The other most difficult thing from this experience was waking up the next morning. As soon as I opened my eyes, I awoke to the reality that my aunt was gone and that she died so traumatically. I started sobbing the moment I woke up. David and I then went for a walk, and it helped stop the tears.
Our plans were to leave for Davis that day (Thursday). But not before seeing Annie one more time, and not before helping my family somehow in some way. And we did help out in a small, but meaningful way – we helped move the mattress on which my aunt had died out of the house. As we walked to the bedroom, I asked David if he was ready. He said no. There was some blood on the floor, and the mattress had a circle of dried blood. It was like a scene from a movie, and that’s what it felt like. A movie. Yes, there was a dark red circle on the mattress, but my reality didn’t believe that it was my aunt’s. It was a king-size mattress and as we maneuvered it out of the house, the mattress would fold. And that’s when we saw it. I remember staring at it in shock. The blood was bright red oozing out of the mattress. As fresh as the blood I see when I draw blood on patients. It makes sense considering she lost liters of blood and it had only been a day, but it’s a sight I never thought I would ever have to see. No one does.
Bak Fu also helped us move the mattress. He’s a very serious man, who does what needs to get done. Annie told me he cried at the hospital when he kissed Bak Long’s cheek and said goodbye. I’ve never seen him cry. I wasn’t there to see it, but the image of the strongest man I know crying as he kisses my unconscious Bak Long’s cheek still instantly brings a lump to my throat.

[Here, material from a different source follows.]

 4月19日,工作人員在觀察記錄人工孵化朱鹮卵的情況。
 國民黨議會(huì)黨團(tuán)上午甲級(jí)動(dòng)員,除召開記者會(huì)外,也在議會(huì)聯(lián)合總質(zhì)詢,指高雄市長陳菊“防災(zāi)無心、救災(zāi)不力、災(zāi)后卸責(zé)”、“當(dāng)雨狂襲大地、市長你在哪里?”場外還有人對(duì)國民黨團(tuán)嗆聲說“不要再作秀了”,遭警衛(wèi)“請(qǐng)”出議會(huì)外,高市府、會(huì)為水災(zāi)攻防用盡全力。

Bak Long’s purse and sweater were sitting on the couch in the house. Like she was home. I remember staring at it too, struggling to believe that she will never use her purse again.

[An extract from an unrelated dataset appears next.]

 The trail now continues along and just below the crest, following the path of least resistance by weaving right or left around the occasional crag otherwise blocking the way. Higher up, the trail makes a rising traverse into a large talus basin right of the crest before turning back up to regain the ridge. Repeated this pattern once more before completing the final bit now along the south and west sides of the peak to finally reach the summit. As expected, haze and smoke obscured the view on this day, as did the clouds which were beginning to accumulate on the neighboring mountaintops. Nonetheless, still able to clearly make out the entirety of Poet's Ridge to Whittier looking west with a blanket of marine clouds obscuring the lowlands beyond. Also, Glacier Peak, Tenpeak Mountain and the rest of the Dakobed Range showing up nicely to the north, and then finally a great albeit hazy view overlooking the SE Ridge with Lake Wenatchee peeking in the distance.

This tragedy was not just any death. She stabbed herself in the chest, and the knife went through to her back. She leaves behind my favorite cousin, who is about to graduate high school. She was one of the sweetest women in my life. She was so loving and nurturing and caring. But she was sick and suffering. She hadn’t been herself in the past year, the mental illness consumed her. So I am terribly sad and will miss her so much. But I’m not asking “why?” There really are no questions to ask, we can only move forward.